YENİ SOĞUK SAVAŞ’IN SONUCU BELLİ

Türk-Amerikan işbirliği 70 yılda Türkiye’nin tek bir dış politikasının önünü açmamışken beş yıllık Türk-Rus işbirliğinin kazançları ortadadır. Dahası bu 70 yılda bırakın önünü açmayı, ABD, Kıbrıs’tan başlayarak pek çok alanda Türkiye’nin karşısında konumlandı.

ABD-Rusya mücadelesinden yararlanma ve bunu Türkiye’nin ABD ve NATO nezdinde değerini yükseltme fırsatı olarak kullanma çizgisi, Türkiye’nin ulusal ve bölgesel çıkarlarına aykırı bir çizgidir. Türkiye, tersine Rusya ile işbirliğini bölge çıkarları gereği daha da derinleştirmeli ve en önemlisi, Körfez - İsrail - Ermenistan normalleşmesinden önce Suriye ile normalleşmelidir.
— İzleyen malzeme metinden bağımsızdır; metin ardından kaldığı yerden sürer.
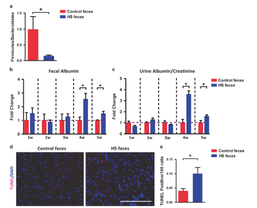 最后,為了進(jìn)一步證明腸道微生物群是腎損傷發(fā)展的上游因素,進(jìn)行了糞便微生物群移植實(shí)驗(yàn)。喂食正常飲食(不是高鹽)的兩組小鼠口服來(lái)自對(duì)照和HS處理的小鼠的糞便。8周后,接受對(duì)照糞便的對(duì)照小鼠的盲腸壁Firmicutes/Bacteroidetes比例(其是微生物群組成改變的主要標(biāo)志)顯著高于接受HS糞便的HS小鼠,其為 與研究人員之前的數(shù)據(jù)一致,表明HS喂養(yǎng)降低了盲腸中的Firmicutes / Bacteroidetes比例,并證明該糞便微生物群移植實(shí)驗(yàn)是成功的(圖7a)。此外,如圖7b和c所示,給藥后4周,由糞便白蛋白含量監(jiān)測(cè)的腸道通透性在接受HS喂養(yǎng)糞便的小鼠中顯著增加,并且重要的是,尿白蛋白/肌酸酐比率(目前研究中觀察到的腎功能障礙的主要表型)在移植后4周接受HS喂養(yǎng)的糞便的小鼠中也顯著增加。最后,與對(duì)照小鼠相比,HS糞便移植小鼠中腎臟凋亡細(xì)胞的數(shù)量顯著增加(圖7d和e)。這些數(shù)據(jù)進(jìn)一步表明,HS喂養(yǎng)引起的腸道生態(tài)失調(diào)是腎損傷和功能障礙的原始誘因。
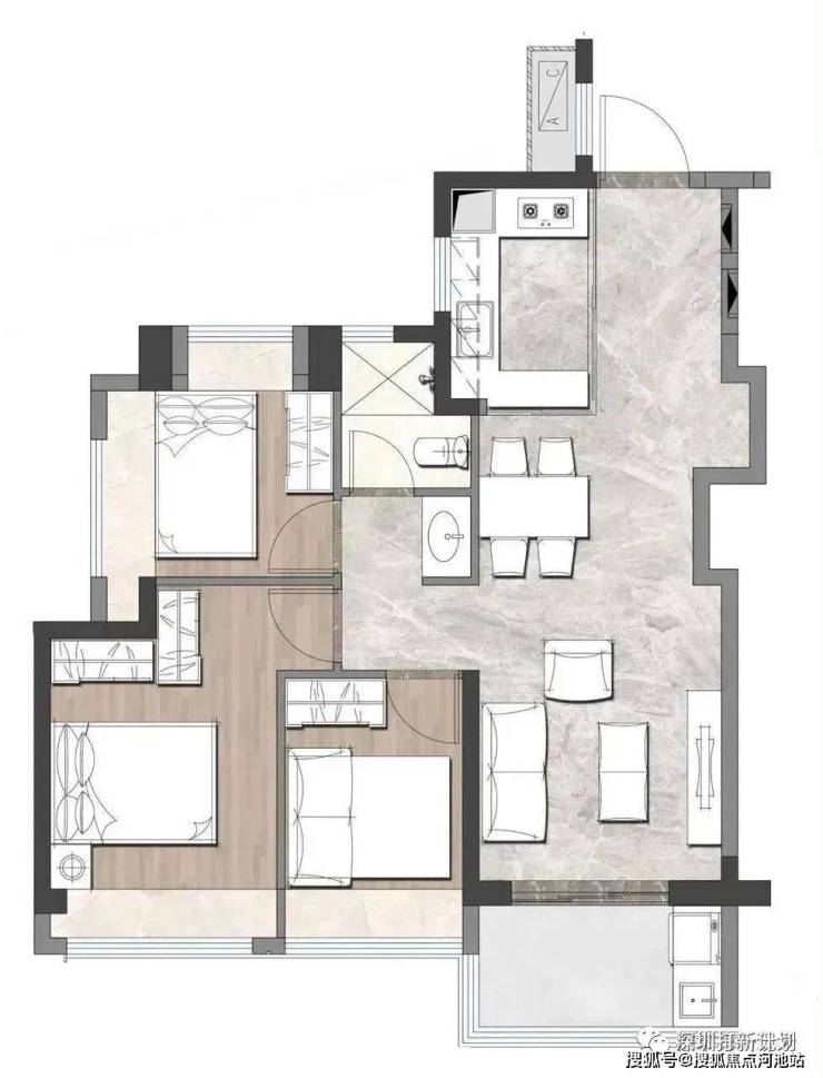 约79㎡三房一卫是是传统竖厅三房结构,同样具有低总价优势,除厨房和小卧室外,其它功能间都是优势朝向。需要注意的是小卧室虽然不是优势朝向但是双面采光双飘窗的。

ABD-Rusya cepheleşmesi, daha geniş perspektifte ABD - Çin/Rusya cepheleşmesidir. Çok kontrollü dış politikasıyla bilinen Çin’in bu hafta Suriye ile Deniz İpek Yolu anlaşması yapması, Pekin’in bu cepheleşmede sonucu nasıl gördüğünü yeterince iyi anlatmaktadır.

21. yüzyılın ikinci çeyreğinde sertleşecek küresel mücadelede doğru tarafta kalabilmek kritik önemdedir!